Mercato – Ma l’argomento più caldo in questi periodi di trattative e costruzione del roste è e resta ovviamente il mercato. Pancotto, dopo 10 giorni di attività e trattative, è pronto per fare il punto. “Innanzitutto deve essere chiaro ai cestisti che non dobbiamo essere solo noi a scegliere loro, ma anche il contrario.
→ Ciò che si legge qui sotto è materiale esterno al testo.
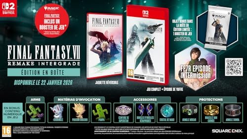 The award-winning FINAL FANTASY VII REMAKE INTERGRADE* game is a reinvention of the original story, right up to Midgar’s escape, accompanied by stunning graphics, thrilling gameplay, and new storyline elements. In addition to an unforgettable story and endearing characters, this RPG features a hybrid combat system mixing real-time action and command-driven strategy. It also includes FF7R EPISODE INTERmission, an ancillary story following Yuffie Kisaragi’s adventures in parallel with those of Cloud. ■ HISTORY Mako, the blood of the planet, is a highly coveted source of energy. Shinra exploits, draws and refines this gasoline to power its reactors, gaining power to control almost the entire world. But resistance is rumbling. A band of motley idealists, Avalanche, are determined to protect the planet. In the town of Midgar, Cloud Strife, a former SOLDIER member turned mercenary, joins Avalanche on a mission to blow up reactor No. 1. The echo of the blast resonates in Sector 8 and the city falls prey to flames. When the sworn enemy he thought was dead appears in the heart of the fire, Cloud must question his memories and identity. A story that will change the destiny of the world begins again. *This game is a partial remake of FINAL FANTASY VII, released in 1997. This is the first installment in a series of games based on the original opus. He reinvents the part of the story set in Midgar, with longer scenes, new characters, and a richer storyline. ■ FF7R EPISODE INTERmission Play as Yuffie Kisaragi, a young shinobi from Wutai, infiltrated in Midgar to carry out a mission to steal the « ultimate materia » from the Shinra. » Key Features: SPARKLING GRAPHICS Explore Midgar like you’ve never seen it before, with stunning graphics bringing the city’s industrial districts to life in all their complexity, while staying true to the original game. DYNAMIC AND STRATEGIC FIGHTS An atypical combat system combining strategic command-driven gameplay and intense action. Change characters continuously, manipulate the power of materials, summon powerful creatures and unleash Transcendence techniques. Emblematic Characters, Unforgettable Story Immerse yourself in the story of Cloud Strife, a former soldier-turned-mercenary allied with Avalanche to confront the sinister Shinra Company. Cloud, Barret, Tifa and Aerith are drawn into a conflict that will determine the fate of the planet. MORE FINAL CONTENT FANTASY VII REMAKE INTERGRADE offers quests, mini-games and missions set in extended areas of Midgar. Meet new characters and experience thrilling content that enriches the story. ENJOYING ORIGINAL BAND This epic soundtrack has been completely remastered, with new arrangements and orchestrations echoing the action to deliver an immersive and moving music experience. ■ Contents included in this product*FINAL FANTASY VII REMAKE INTERGRADE includes the following content: – FINAL FANTASY VII REMAKE Full Game – FF7R EPISODE INTERmission (Yuffie Kisaragi Episode) – Bonus Weapon: Shuricac – Protection: Midgar Armille – Protection: Shinra Armor – Protection: Don Bracelet Corneo – Accessory : Superstar Belt – Accessory: Mako Crystal – Accessory: Seraphic Earrings – Summon Material: Carbuncle – Summon Material: Chocobo Chick – Summon Material: Pampa *Weapons, protections, accessories and summoning materials are available in the gift box of the main menu. *The « Shuricac » weapon can only be used in FF7R EPISODE INTERmission (Yuffie’s episode)
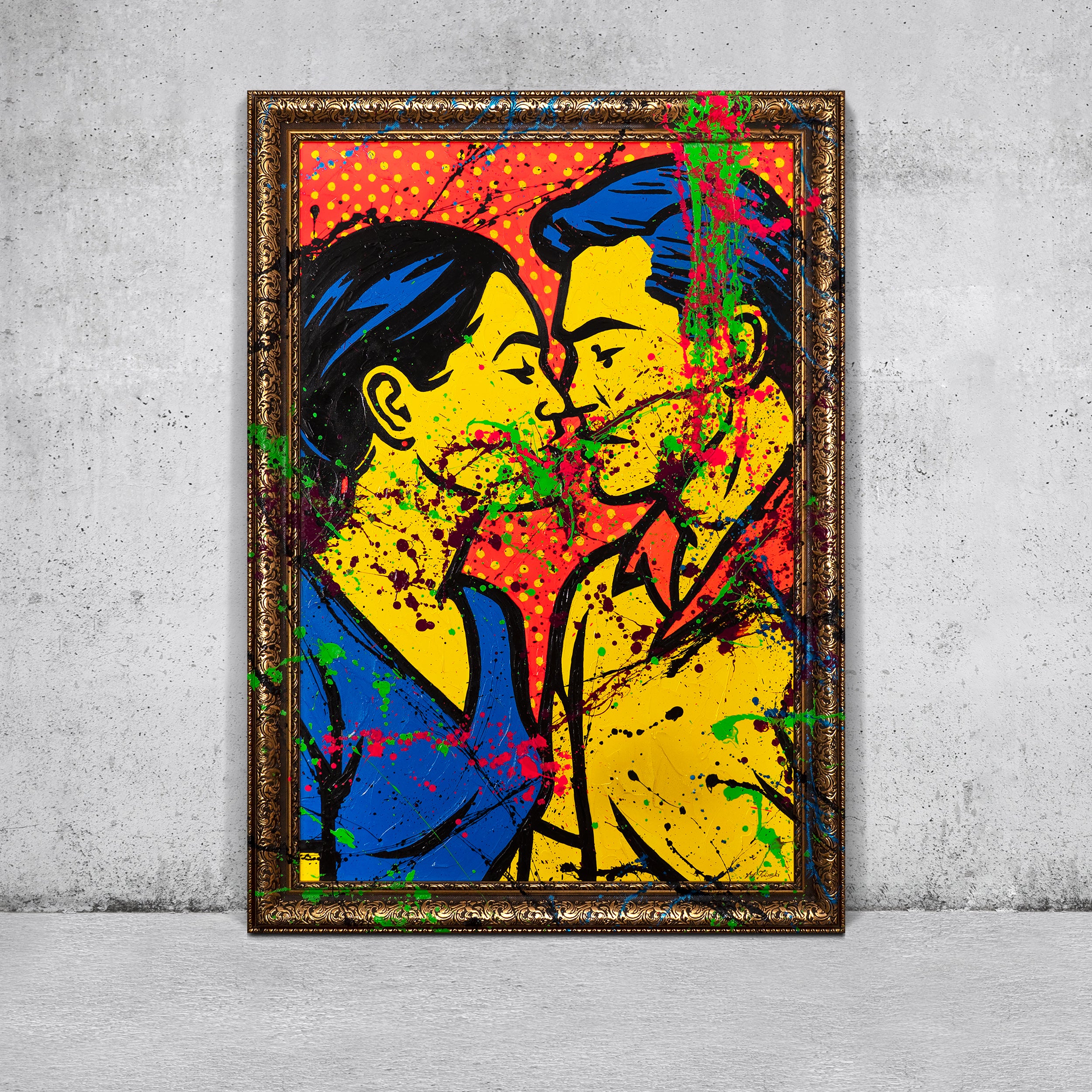 Handgemalte Pop-Art Gemälde – Moderne Wandbilder Wohnzimmer „Farbiger Kuss“

Ovvero, vogliamo atleti che credano in questo progetto, disponibili al sacrificio e a gettare il cuore oltre l’ostacolo”. Questa la prima, sacrosanta, condizione necessaria e fondamentale imposta dal coach, che prosegue: “non manca, inoltre, la volontà di lavorare con un buon gruppo di italiani sui quali investire e puntare, valutando bene il rapporto tra qualità e prezzo richiesto. Ne abbiamo già individuato qualcuno, “. E’ tempo di fare un pò di nomi, e Pancotto si dimostra disponibile a giocare a carte scoperte. Il primo a ‘ballare’ è Nikola Radulovic, uno dei più pagati lo scorso anno. Lui ha manifestato più volte la sua voglia di restare in Irpinia, ma l’offerta di Brindisi da un punto di vista economico e di contesto pare molto più vantaggiosa. E Pancotto ha confermato: “E’ in uscita, ha già un buon contratto per le mani e per noi è difficile inserisi in questo momento”. Discorso diverso per Andrea Crosariol. Avellino lo ha riscattato, ma il cestista ha tante offerte e non sembra rientrare nel piano tecnico-dirigenziale. Pancotto: “Anche lui è in uscita. Non conosco bene la sua situazione contrattuale ma ha tante richieste”. Quotazioni stabili, ma sempre con l’indice verso l’alto, per Antonio Porta: “E’ sicuramente un giocatore che risponde all’identikit che abbiamo tracciato. Grintoso, disponibile, con un passaporto da italiano. Noi possiamo fare la nostra parte, ma spetta anche a lui venirci incontro”. Per quel che riguarda gli americani, con Warren che si è accasato a Bilbao, resta da sciogliere il Nodo – Slay. “E’ un grande talento, un signor giocatore ma che non possiamo tenere a queste cifre – ha conlcuso Pancotto – .Ha firmato un contratto da Eurolega, che ora non rientra più nelle nostre corde. Il discorso tecnico su di lui, sul suo eventuale apporto alla squadra che stiamo costruendo o sui suoi problemi fisici, può arrivare solo più tardi, in un secondo momento”. Intanto, sembra essere andato a vuoto il tentativo fatto per Antonutti: “Ci abbiamo provato, ma se dovessi sbilanciarmi direi che è più vicino ad un’altra squadra che a noi”.